Using FastAI, I coded up a model to predict peak click-through rate from the thumbnail alone; I don’t incorporate any of the other variables in the model partially because I wanted to keep it as a simple proof of concept, but also because training a model on title "clickability" with limited data would be difficult. Even with thumbnails, I had to train across 20 epochs before my model began to identify "clickable" features and the error got to a reasonable level. This means the model as built will be heavily adapted specifically to the Doing It Ourselves style of thumbnails.
I got the error down to 2.90% which seems pretty decent given the average peak click-through rate was around 12% plus or minus 5% standard deviation, and I’m also not incorporating title data or other factors. That error percentage also comes from the validation set since data was limited and I wasn’t able to reserve a significant test set. I have however, tested the model on a couple of Michael’s recent thumbnails, and it so far seems to give pretty solid predictions of the peak click-through rate. After getting the model to a decent point, I built widget app functionality around it and launched a public version via Heroku. So you can actually check out the application here: http://thumbnailpredict.herokuapp.com/ if you’re interested in testing it out.
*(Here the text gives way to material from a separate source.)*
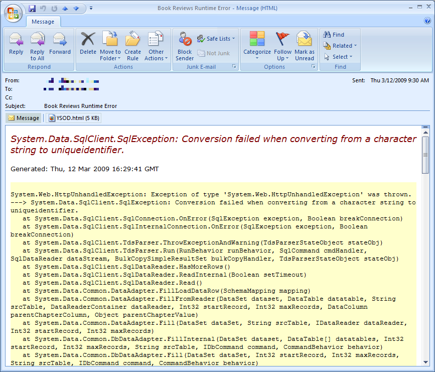 With the above settings in place, whenever a runtime error occurs ELMAH sends an email to support@example.com with the error details. ELMAH's error email includes the same information shown in the error details web page, namely the error message, the stack trace, and the server variables (refer back to Figures 4 and 5). The error email also includes the Exception Details Yellow Screen of Death content as an attachment (YSOD.html).

At best, this tool can give someone a slight edge and some insight into how to develop "clickable" thumbnails. It can be especially helpful if you’re debating between two or more thumbnails for a video. It definitely won’t magically make a great thumbnail for you, or a great title for that matter. I believe that kind of AI application, that can watch your content and develop a thumbnail and title that will get a lot of attention, is totally feasible to create, but it would take several months to develop and would require access to significantly more YouTube data.
Throughout this process I’ve learned something very important though; thumbnail and title are really important, but the difference between a good thumbnail and an average thumbnail (assuming you’re still representing the content accurately) accounts for about a 25% difference in views. Obviously this value ranges greatly and is just a rough estimate, but the point is that while a 25% difference in views is quite significant, it shows that the secret to growth on YouTube is not as simple as a good thumbnail and title. In fact, it seems from my research that potentially the most critical element is people’s perception of the channel and the quality of the content. This is by no means a simple metric to understand and predict. It requires a non-trivial understanding of the YouTube ecosystem; marketing, media, engagement with fans, and the various other unmentioned elements that can contribute to growth on YouTube.
[1]: Michael Petherick (Nov 2021). Doing It Ourselves YouTube Analytics.